### EXERCISE DIRECTIONS
Drop all pictures and repeat exactly the lines from the line holding "Tento dlouhý kabát" through the end of the records.

### MATERIAL FOR THIS EXERCISE
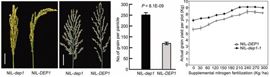 中国科学院遗传与发育生物学研究所傅向东课题组通过与同行合作,成功克隆了一个中国超级稻增产关键基因—DEP1(Dense and Erect Panicles 1),该基因编码植物特有一种G-蛋白γ亚基。突变的DEP1基因能够提高水稻茎尖分生组织的活力,促进细胞分裂,增加穗粒数,进而极为显著地提高水稻产量(Nat. Genet.2009, 41, 494)。课题组进一步研究发现,DEP1还能够降低水稻营养生长期对氮的响应,增强氮的吸收和同化能力,进而提高收获指数和产量。G蛋白是调控动植物生长发育的重要信号传导蛋白,包括α、β和γ亚基。在体内,DEP1蛋白能够与Gα亚基和Gβ亚基相互作用。Gα活性降低或Gβ活性提高均能抑制水稻生长的氮响应。因此,通过调节G蛋白的活性可以改变水稻的氮响应,进而在适当减少氮肥施用量的条件下获得水稻的高产(Nat. Genet.2014, 46, 652)。上述研究有效加深了人们对水稻穗发育和产量形成的分子基础以及G蛋白功能的理解,为研究水稻产量控制、实现水稻生产可持续发展提供了重要基因资源和新策略。
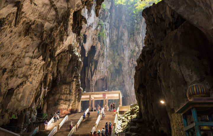 Batu Caves — это известная достопримечательность Малайзии, расположенная недалеко от Куала-Лумпура. Один из самых интересных фактов о Batu Caves — это их религиозное значение. Эти пещеры являются одним из крупнейших индуистских святилищ за пределами Индии, посвящённым богу Муругану. На входе к храмовому комплексу стоит гигантская золотая статуя бога Муругана высотой 42,7 метра — это одна из самых высоких статуй этого божества в мире!
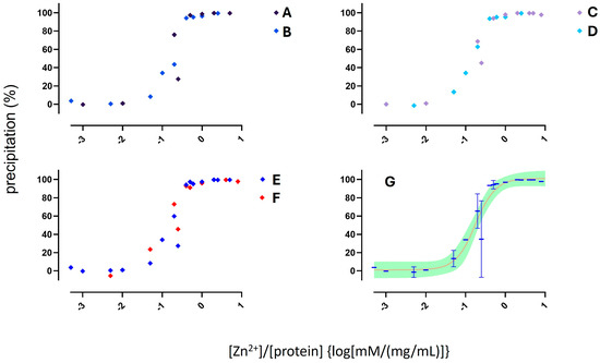 The relative concentration of reagents was optimized for each metal, as already described for zinc. All metals were ineffective when an excess or deficiency of base was added, and all of them have a sigmoidal curve similar to Figure 3(G). However, the F test rejected the null hypothesis that the whole dataset is fitted by a single curve. The preferred model was built by four independent sigmoidal curves, each one grouping data obtained by using the same metal as a precipitating regent. Table 1 allows for a comparison between the performance of the different metals as precipitating agents for proteins.
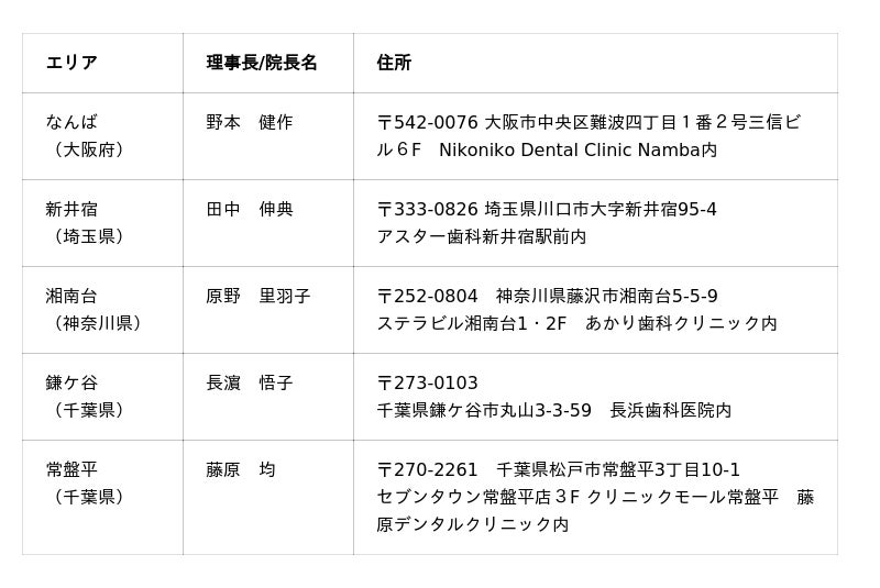 2026年3月、新たなホワイトエッセンス加盟歯科医院として、以下の5院がオープンいたしました。
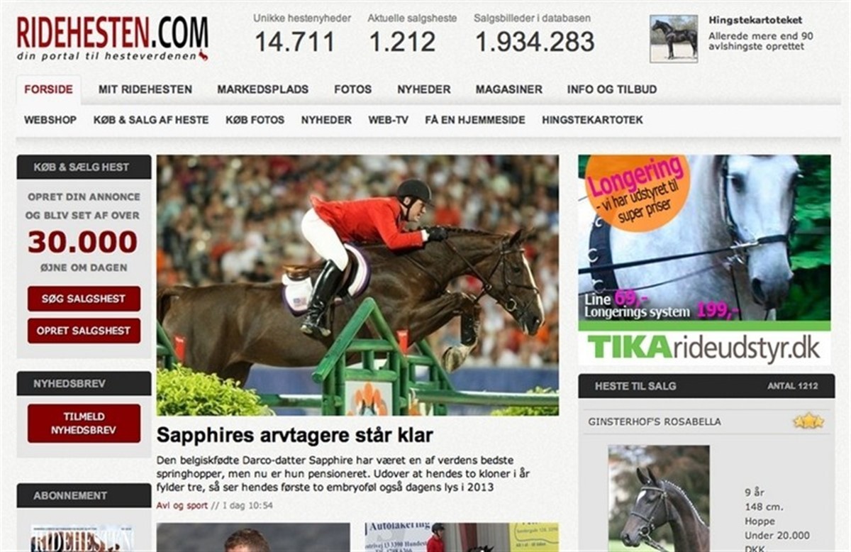 Hver dag besøger over 17.000 Ridehesten.com, og det bevidner endnu en fremgang i det støt stigende antal af besøgende. Sitets nyhedsformidling er det bærende element, og det er udvidet til også at omfatte flere daglige nyheder på engelsk, hvilket går fint i tråd med den stigende interesse fra udlandet i sidens køb og salg af heste. Ridehesten.coms fotodatabase med knap to millioner salgsbilleder er også med til at øge trafikken. I alt har det altså resulteret i over en halv million besøgende på Ridehesten.com om måneden.
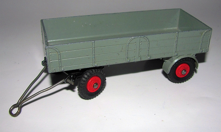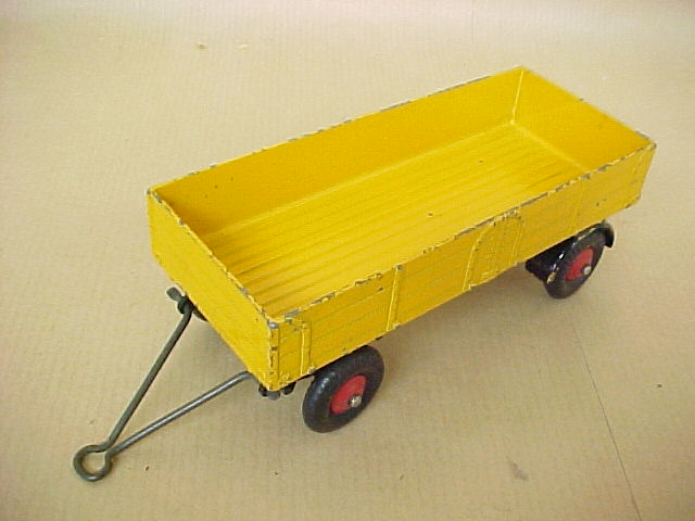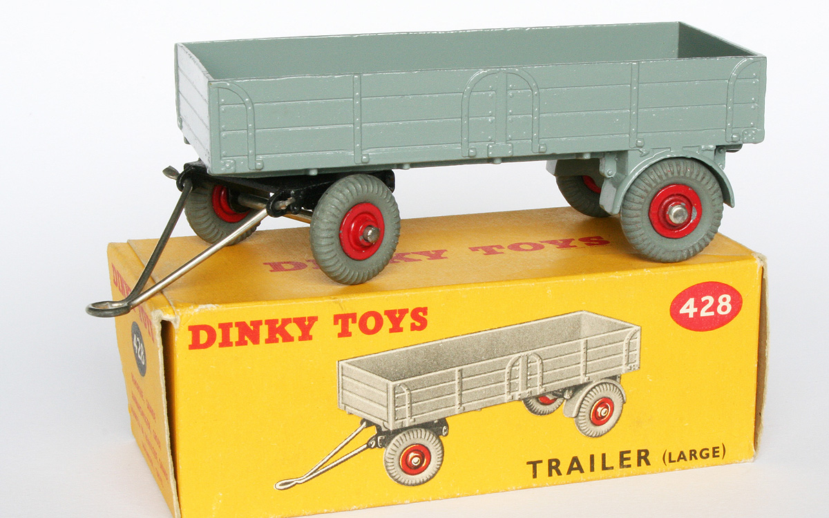 Hello Jan and Co., I should have known better than to use the 'wrong' box with the plastic wheeled #428 trailer. The original box was in much rougher condition - plain red and yellow with the end flaps missing. Here is another photo of it without the box. Also a Trade Pack different from yours in green without the multi-lingual description. Finally, the large trailer was copied by Micro Models (Australia/New Zealand), but much cruder depiction of the sides, but it does have dual wheels at the back. Ron F
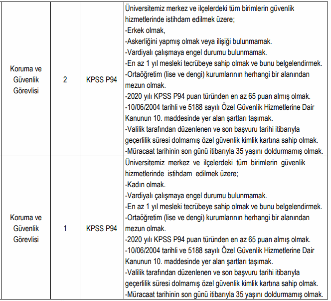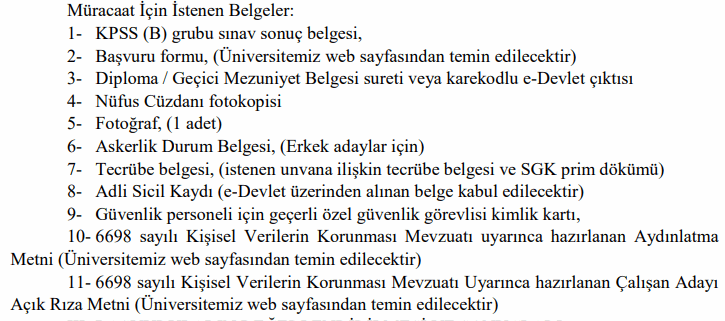 10- Adaylar ilan edilen kadrolardan sadece birine başvurabilecek olup birden fazla kadroya başvuru yapamayacaktır.
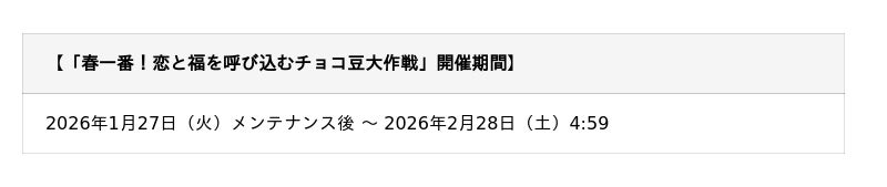 【期間】2026年1月27日(火)メンテナンス後 ~ 2026年2月2日(月)12:00頃まで
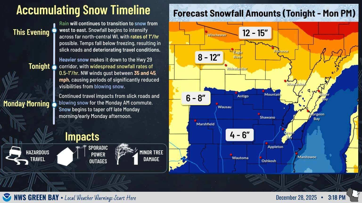 While snowfall will taper off later in the day, dangerous travel may continue due to strong winds, which will reduce visibility and make roads slippery. High winds and heavy snow may also bring down trees and power lines throughout the area.
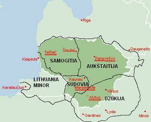 Dzūkija or Dainava: the latter name literally means "Land of songs". | Southeast of Lithuania, also includes vast historically Lithuanian territories of Belarus, and some territories of Poland. | Alytus | |
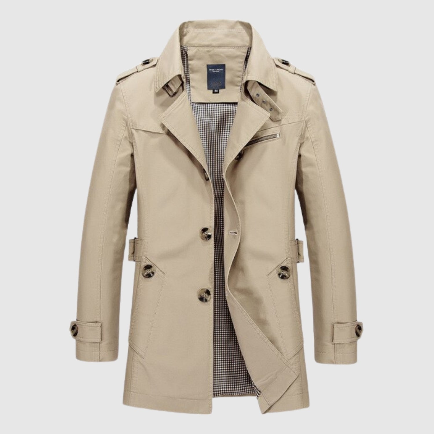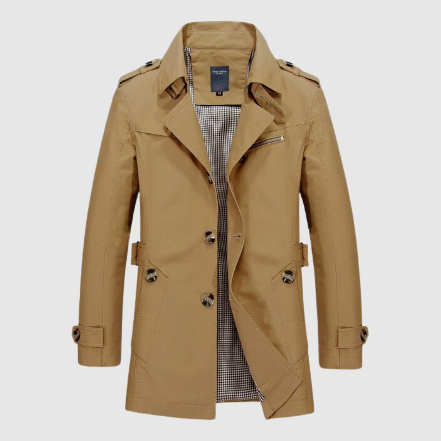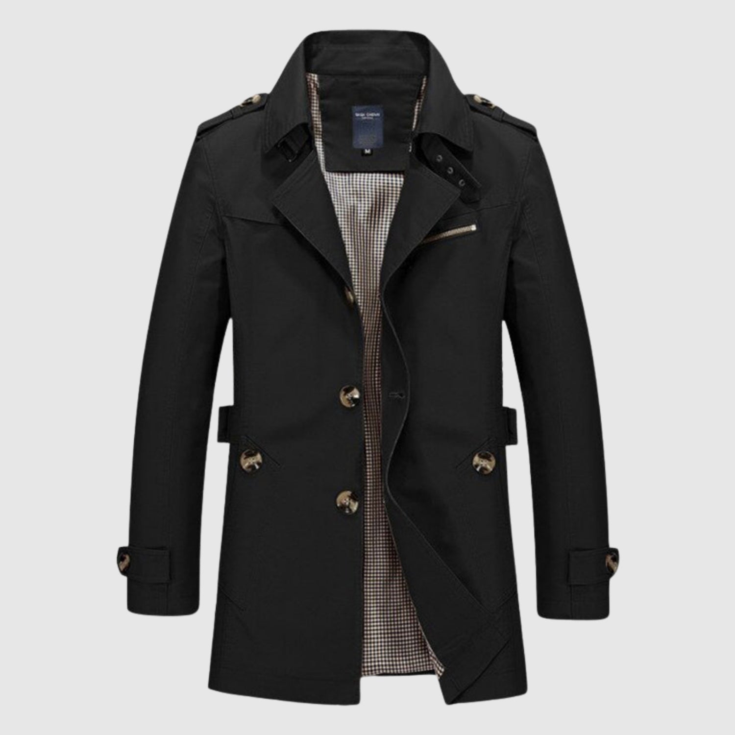Tento dlouhý kabát kombinuje sofistikovanost vintage designu s modern funkčností. Jeho strukturovaný střih zdůrazňuje mužskou siluetu, zatímco podšívka zaručuje pohodlí a teplo v chladnějších dnech. Ideální pro každou příležitost, od formálních setkání po procházky městem.
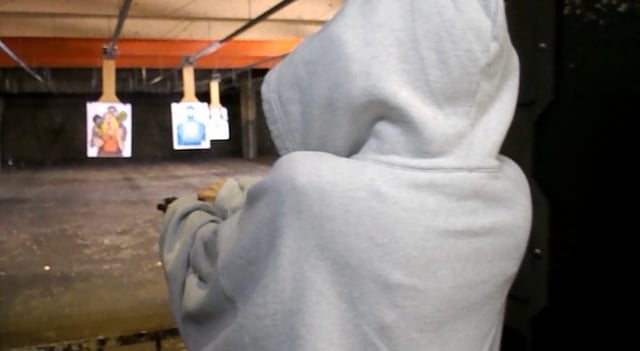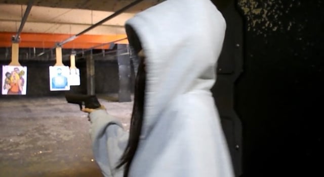 Haha what’s with the hoodie while at the shooting range?! She trying to be a goon?

### EXERCISE ANSWER
Tento dlouhý kabát kombinuje sofistikovanost vintage designu s modern funkčností. Jeho strukturovaný střih zdůrazňuje mužskou siluetu, zatímco podšívka zaručuje pohodlí a teplo v chladnějších dnech. Ideální pro každou příležitost, od formálních setkání po procházky městem.
 Haha what’s with the hoodie while at the shooting range?! She trying to be a goon?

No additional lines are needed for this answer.